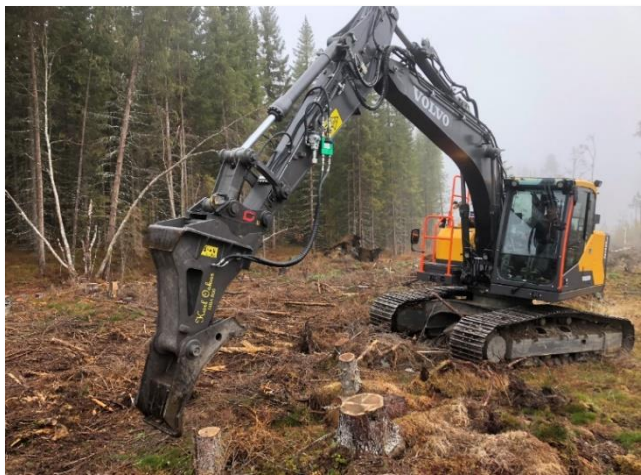
Gravemaskin med Karl Oscar aggregat
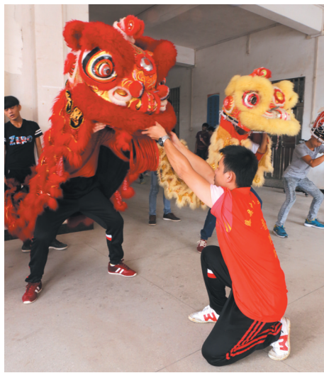
▲舞狮老师正在向学生传授技艺。
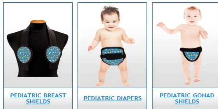
Slika 8. Štitnik za gonade i prsi djevojčica
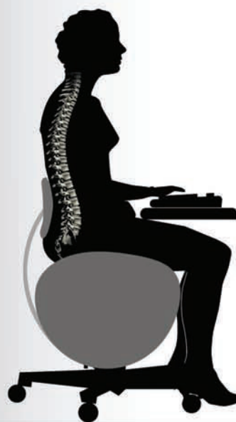
správné držení těla při sezení na balonové židli
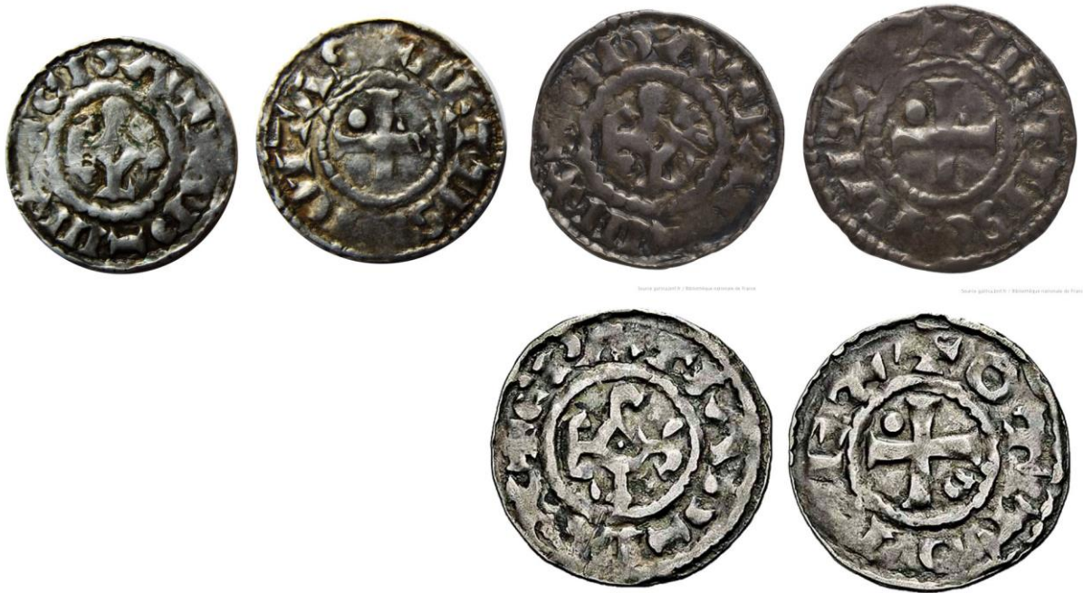
Fig. 4 – Deniers de Metz au monogramme carolin : coin OTTO REX (Coll. Teitgen, n° 738) regravé sur METTIS CIVITAS (BnF, Prou 132)

de CIVITAS est encore bien tracé dans le prolongement du R de REX etc. D'autres exemplaires, tels que celui de la collection Jobal, paraissent être issu d'un autre coin regravé 20 .
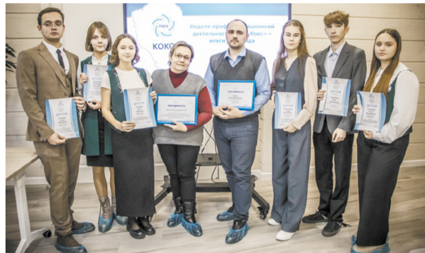
Отмечены юные участники НПК и олимпиад ПАО «Кокс».
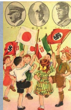
"Dobří priatelia v troch krajinách." Propagandistická pohľadnica z roku 1938, ktorá zobrazuje japonského premiéra Fumimaro Konoeho spoločne s Adolfom Hitlerom a Benitom Mussolinim.
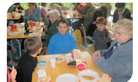
La venue des résidents à l'accueil de loisirs pour partager la galette des rois avec les enfants

-- What you are asked to do --
Nothing but the pictures may be dropped; restate the material word for word.

-- Answer for this exercise --
Gravemaskin med Karl Oscar aggregat
▲舞狮老师正在向学生传授技艺。
Slika 8. Štitnik za gonade i prsi djevojčica
správné držení těla při sezení na balonové židli
Fig. 4 – Deniers de Metz au monogramme carolin : coin OTTO REX (Coll. Teitgen, n° 738) regravé sur METTIS CIVITAS (BnF, Prou 132)

de CIVITAS est encore bien tracé dans le prolongement du R de REX etc. D'autres exemplaires, tels que celui de la collection Jobal, paraissent être issu d'un autre coin regravé 20 .
Отмечены юные участники НПК и олимпиад ПАО «Кокс».
"Dobří priatelia v troch krajinách." Propagandistická pohľadnica z roku 1938, ktorá zobrazuje japonského premiéra Fumimaro Konoeho spoločne s Adolfom Hitlerom a Benitom Mussolinim.
La venue des résidents à l'accueil de loisirs pour partager la galette des rois avec les enfants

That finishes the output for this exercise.